MI ENEMIGO INTERIOR
Sorprendida, la vi caer
sobre el sofá y lanzar un objeto sobre mi escritorio. Era un preservativo.
Temblaban sus manos y visiblemente furiosa me increpó.
—Señora,¡ tiene que investigar! Lo encontré
en la escalera del fondo, la que está sin luz!
Miré el objeto y pensé : el auxiliar de aseo no vio aquel implemento cuando realizó sus labores.
Aun así, no era motivo suficiente para desencadenar la
reacción histérica de la profesora.
Ella debería comprender que en una escuela de adultos, el amor y los estudios se
pueden mezclar.
. Me escuché calmadamente preguntar:
¿Colega, hace cuánto tiempo que “no le ve el
ojo a la papa”?
La profesora la miró con ojos desorbitados y
espetó — ¿Qué dijo, señora?
Espantada, ante mi desaguisado, respiré hondo y traté de "enmendar
la plana".
—Señora
Margarita ¿Qué puedo hacer para tranquilizarla?
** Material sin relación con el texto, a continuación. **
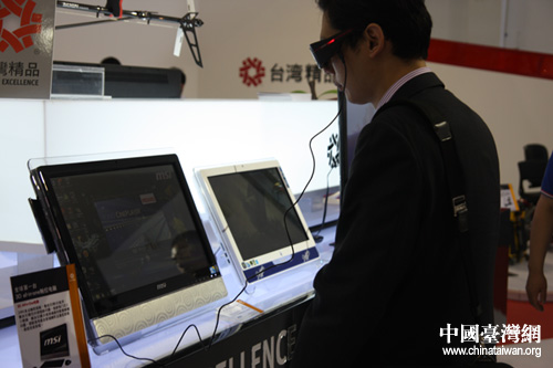 參展觀眾體驗(yàn)超逼真3D觸控一體機(jī)。(中國臺灣網(wǎng) 吳斌 攝)
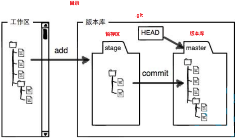 我们在对文件进行操作是在工作区的,但并未得到git的管理,还需要把它放到.git里。
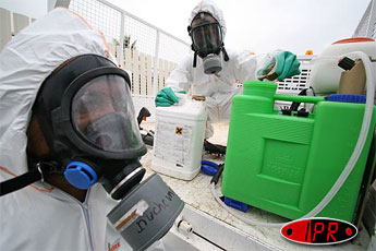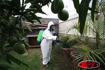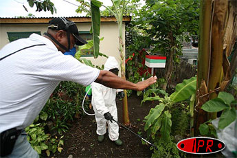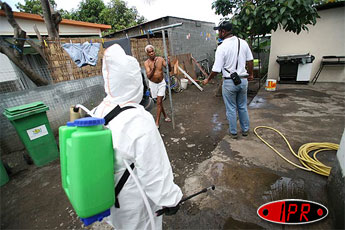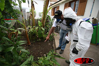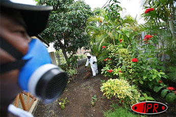 Novatrice en matière de lutte contre l'aedes albopictus, le moustique vecteur du chikungunya, la commune du Port poursuit ses pulvérisations de BTI (bacillus thuringiensis israelensis), un produit biologique mortel pour les larves de moustiques mais inoffensifs pour les autres insectes, l'homme et les animaux. Ce vendredi 17 février 2006, les brigades communales d'intervention étaient dans le quartier SATEC II
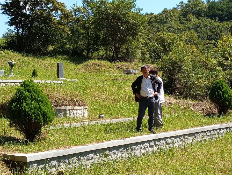 사다리 논 위에 잘 조성된 묘 누구 묘인지

La madura profesora de Historia se levantó del sillón y
me miró fijamente. La duda asomada a sus ojos, frunció el ceño, sacó un pañuelo, limpió
sus anteojos, me miró fijamente. Incrédula, dudaba.
Luego tomó el paquete, lo lanzó con violencia al papelero. Abrió
la puerta para salir.
El
portazo me sobresaltó.
Respiré aliviada, pero hasta hoy creo, que en mi interior se esconde
un oscuro personaje que pregunta barbaridades, sin mi permiso.